| Problem statement |
Using the data below, output a verbatim copy of the lines between the one holding "Amica EHCX 933" and the one holding "O ambiente do", inclusive, without any pictures.

════

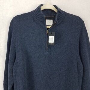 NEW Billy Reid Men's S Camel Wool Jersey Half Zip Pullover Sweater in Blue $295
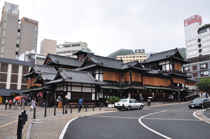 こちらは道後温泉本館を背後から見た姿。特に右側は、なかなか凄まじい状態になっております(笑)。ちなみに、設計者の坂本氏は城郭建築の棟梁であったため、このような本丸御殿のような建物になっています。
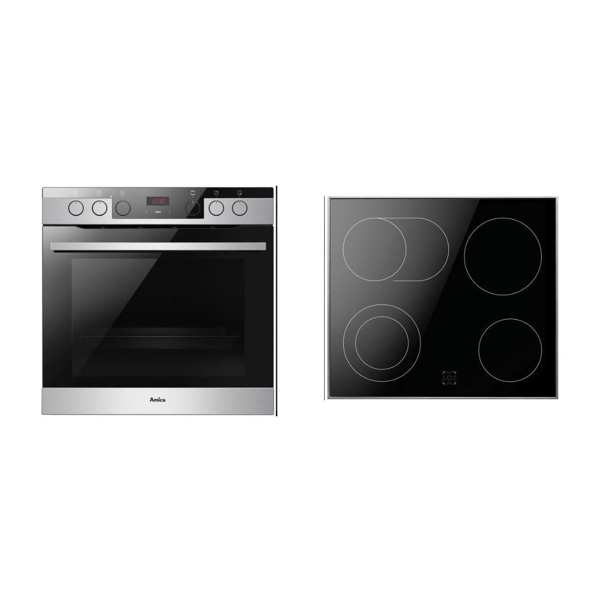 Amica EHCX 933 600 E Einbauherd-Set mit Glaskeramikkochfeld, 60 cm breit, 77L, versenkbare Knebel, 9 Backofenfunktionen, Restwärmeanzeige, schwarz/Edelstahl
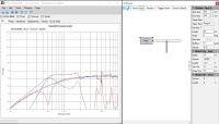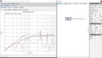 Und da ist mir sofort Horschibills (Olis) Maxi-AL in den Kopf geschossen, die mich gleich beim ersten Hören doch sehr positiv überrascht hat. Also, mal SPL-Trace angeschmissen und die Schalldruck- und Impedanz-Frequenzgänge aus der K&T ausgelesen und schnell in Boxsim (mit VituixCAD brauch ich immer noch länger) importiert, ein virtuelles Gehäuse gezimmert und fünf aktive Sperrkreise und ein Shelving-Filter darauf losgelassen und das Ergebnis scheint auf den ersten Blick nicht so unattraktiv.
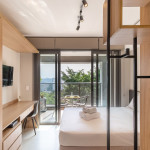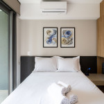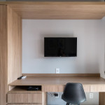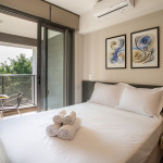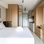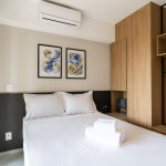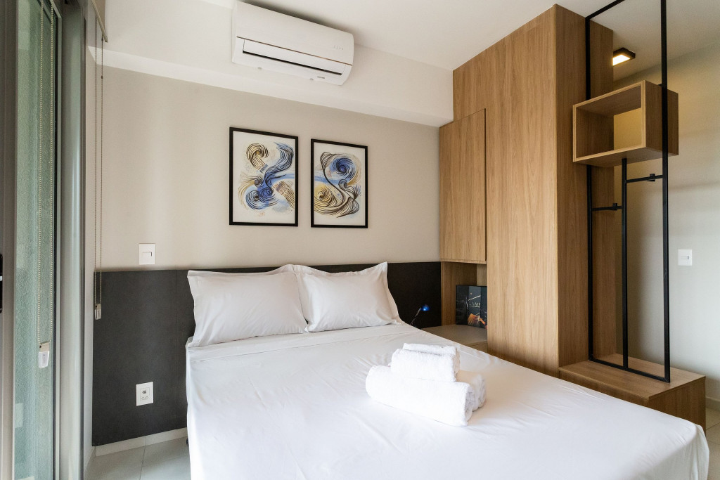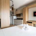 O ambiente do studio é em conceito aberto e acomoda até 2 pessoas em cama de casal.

════

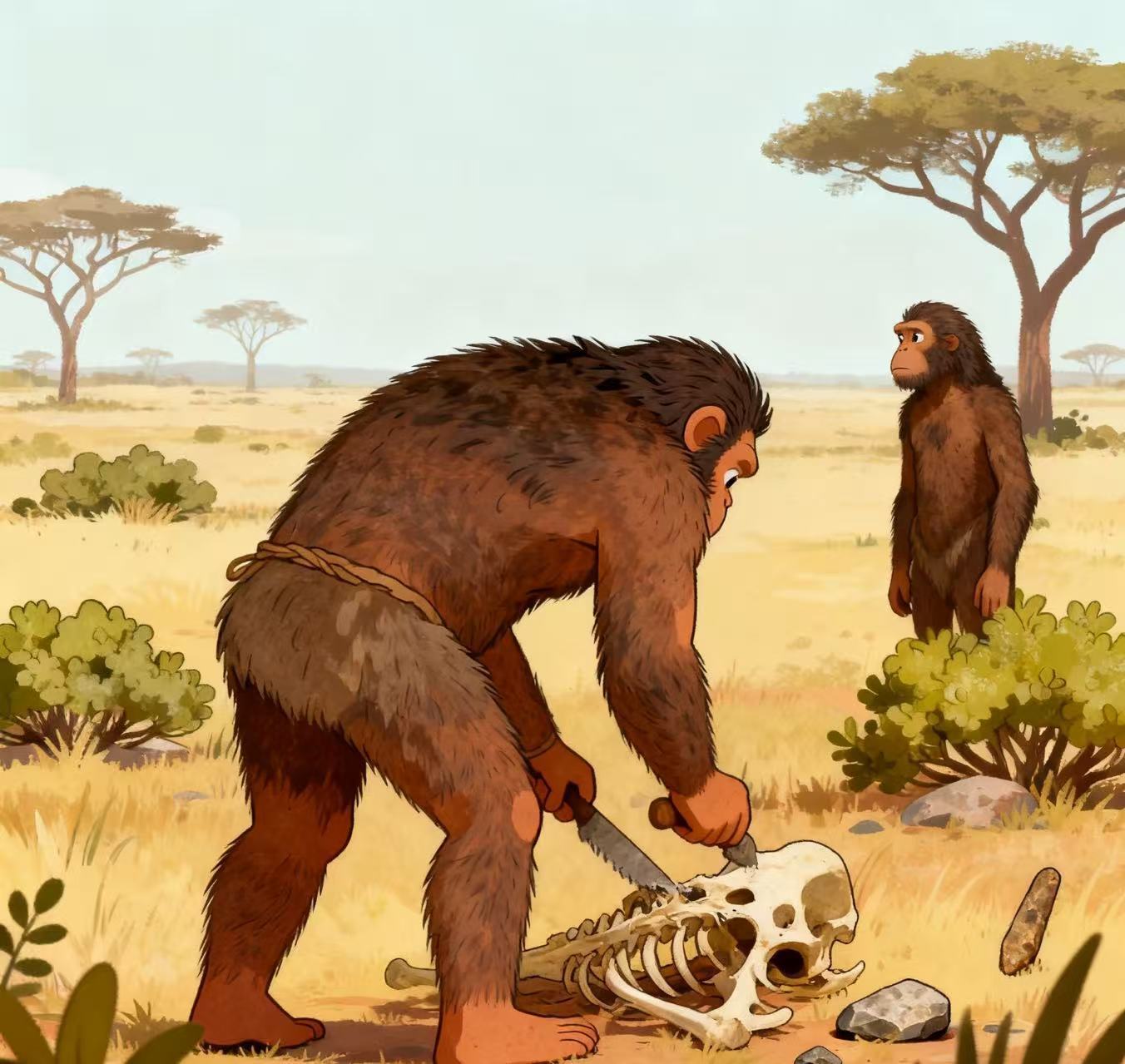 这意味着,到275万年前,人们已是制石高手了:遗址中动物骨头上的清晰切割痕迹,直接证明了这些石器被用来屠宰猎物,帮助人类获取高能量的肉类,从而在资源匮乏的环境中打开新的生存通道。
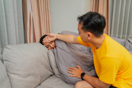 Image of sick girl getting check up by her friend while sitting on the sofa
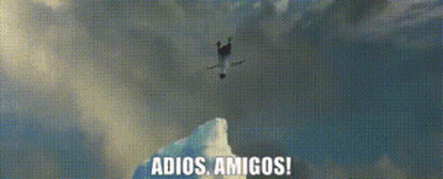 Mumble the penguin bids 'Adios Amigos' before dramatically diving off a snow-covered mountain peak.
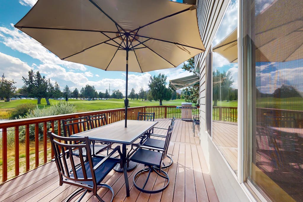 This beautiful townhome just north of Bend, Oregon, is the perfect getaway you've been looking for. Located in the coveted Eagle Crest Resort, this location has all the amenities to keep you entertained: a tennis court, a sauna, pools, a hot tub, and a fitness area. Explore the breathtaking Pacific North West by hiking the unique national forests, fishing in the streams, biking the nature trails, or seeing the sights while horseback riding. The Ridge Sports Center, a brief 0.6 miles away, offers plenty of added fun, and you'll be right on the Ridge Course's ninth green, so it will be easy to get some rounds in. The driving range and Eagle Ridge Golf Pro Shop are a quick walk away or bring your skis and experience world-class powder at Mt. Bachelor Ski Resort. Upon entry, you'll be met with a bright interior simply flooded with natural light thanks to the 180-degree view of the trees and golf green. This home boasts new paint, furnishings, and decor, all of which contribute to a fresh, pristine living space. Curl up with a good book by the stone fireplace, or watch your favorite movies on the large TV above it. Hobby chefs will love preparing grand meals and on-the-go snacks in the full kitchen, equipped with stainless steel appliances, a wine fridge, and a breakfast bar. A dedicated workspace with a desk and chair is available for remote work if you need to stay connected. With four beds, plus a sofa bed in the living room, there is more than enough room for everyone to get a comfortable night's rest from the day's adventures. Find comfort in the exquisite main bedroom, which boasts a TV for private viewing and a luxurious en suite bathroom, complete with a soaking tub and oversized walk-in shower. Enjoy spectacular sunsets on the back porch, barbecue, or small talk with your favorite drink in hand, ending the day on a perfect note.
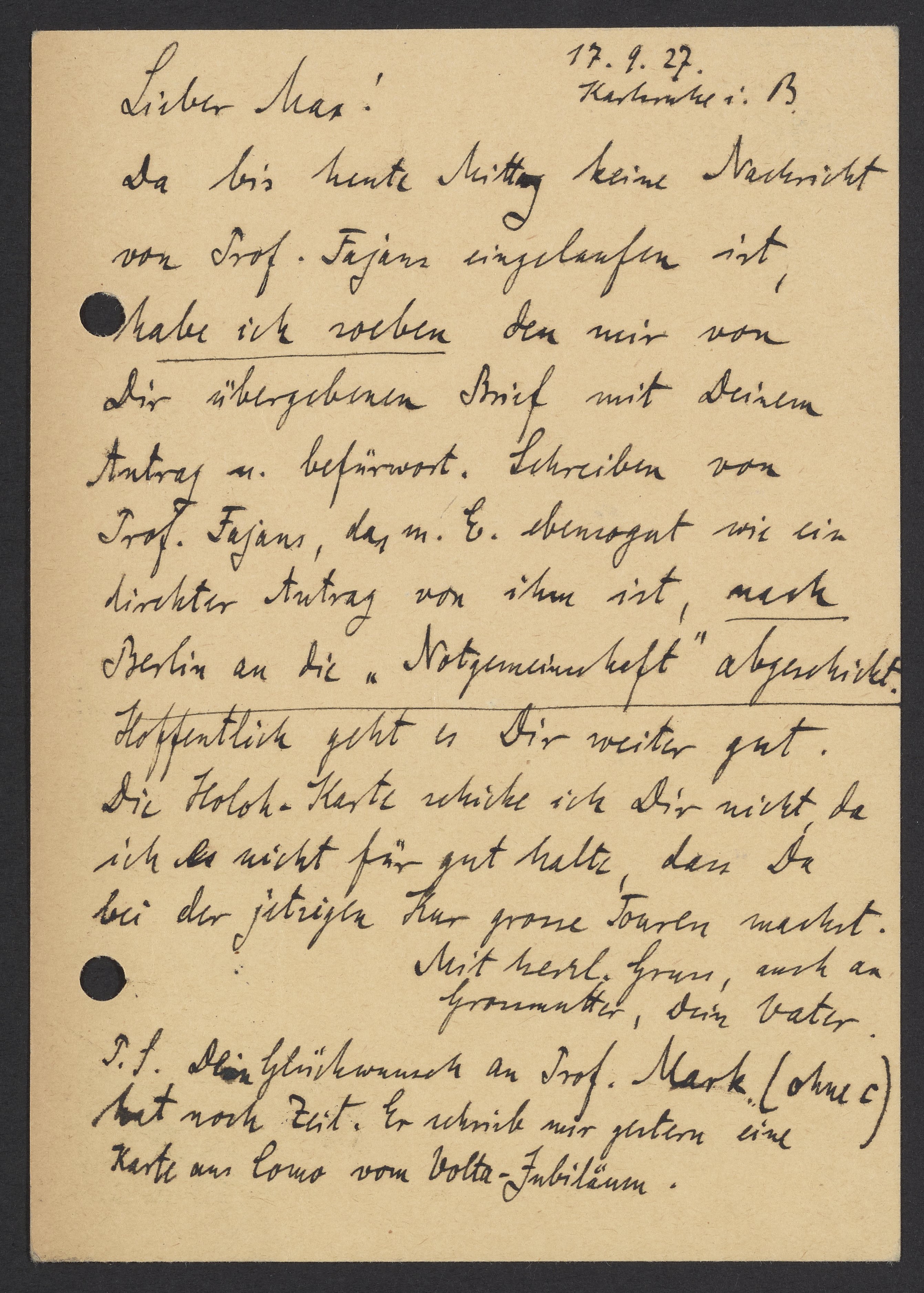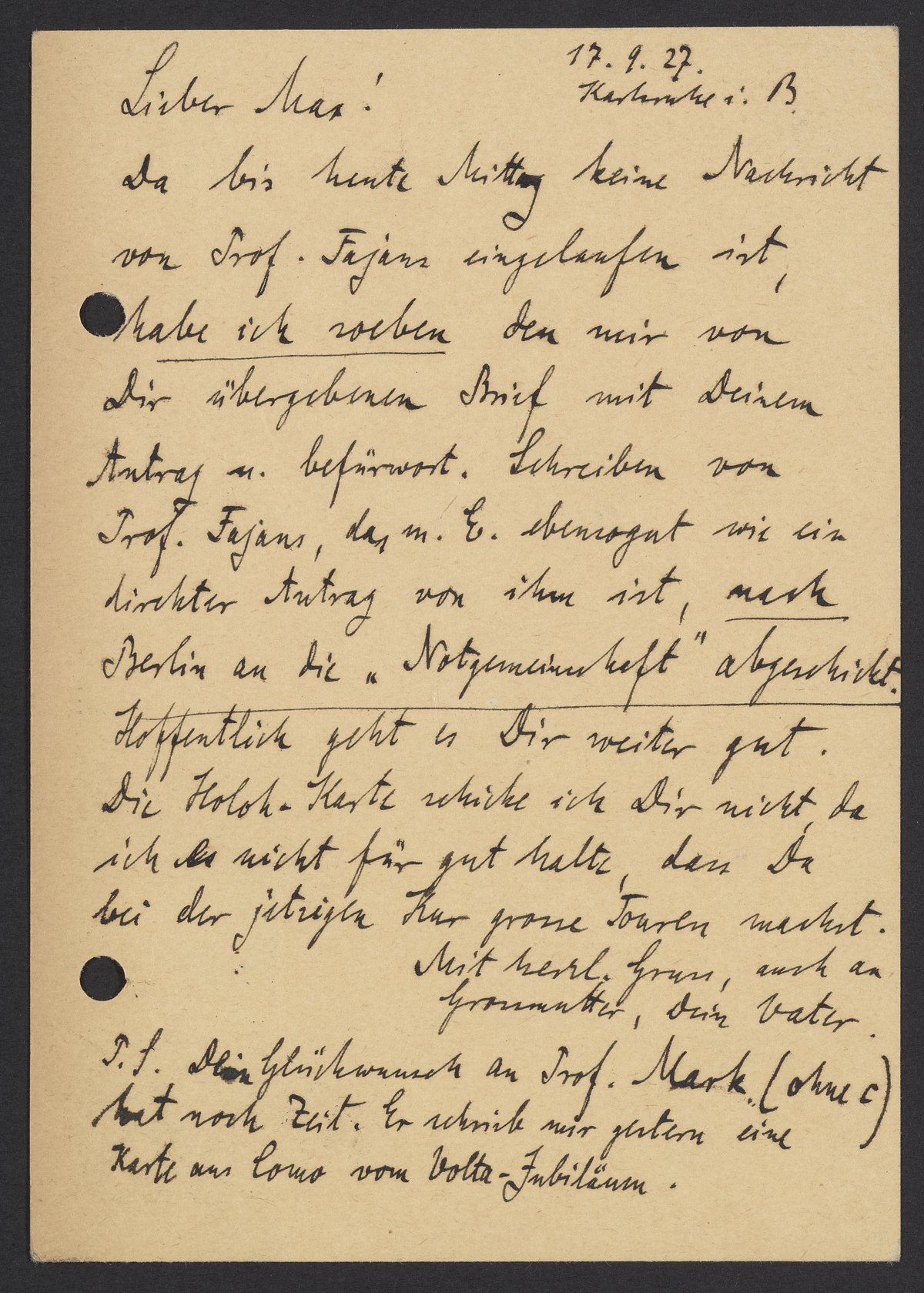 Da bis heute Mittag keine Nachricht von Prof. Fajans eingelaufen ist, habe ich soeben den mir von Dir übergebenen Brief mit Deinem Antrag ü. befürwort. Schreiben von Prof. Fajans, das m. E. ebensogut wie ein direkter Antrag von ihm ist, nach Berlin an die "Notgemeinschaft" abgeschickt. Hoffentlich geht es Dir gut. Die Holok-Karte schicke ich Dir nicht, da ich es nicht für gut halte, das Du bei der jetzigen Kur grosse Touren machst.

════

| Task output |
 Amica EHCX 933 600 E Einbauherd-Set mit Glaskeramikkochfeld, 60 cm breit, 77L, versenkbare Knebel, 9 Backofenfunktionen, Restwärmeanzeige, schwarz/Edelstahl
 Und da ist mir sofort Horschibills (Olis) Maxi-AL in den Kopf geschossen, die mich gleich beim ersten Hören doch sehr positiv überrascht hat. Also, mal SPL-Trace angeschmissen und die Schalldruck- und Impedanz-Frequenzgänge aus der K&T ausgelesen und schnell in Boxsim (mit VituixCAD brauch ich immer noch länger) importiert, ein virtuelles Gehäuse gezimmert und fünf aktive Sperrkreise und ein Shelving-Filter darauf losgelassen und das Ergebnis scheint auf den ersten Blick nicht so unattraktiv.
 O ambiente do studio é em conceito aberto e acomoda até 2 pessoas em cama de casal.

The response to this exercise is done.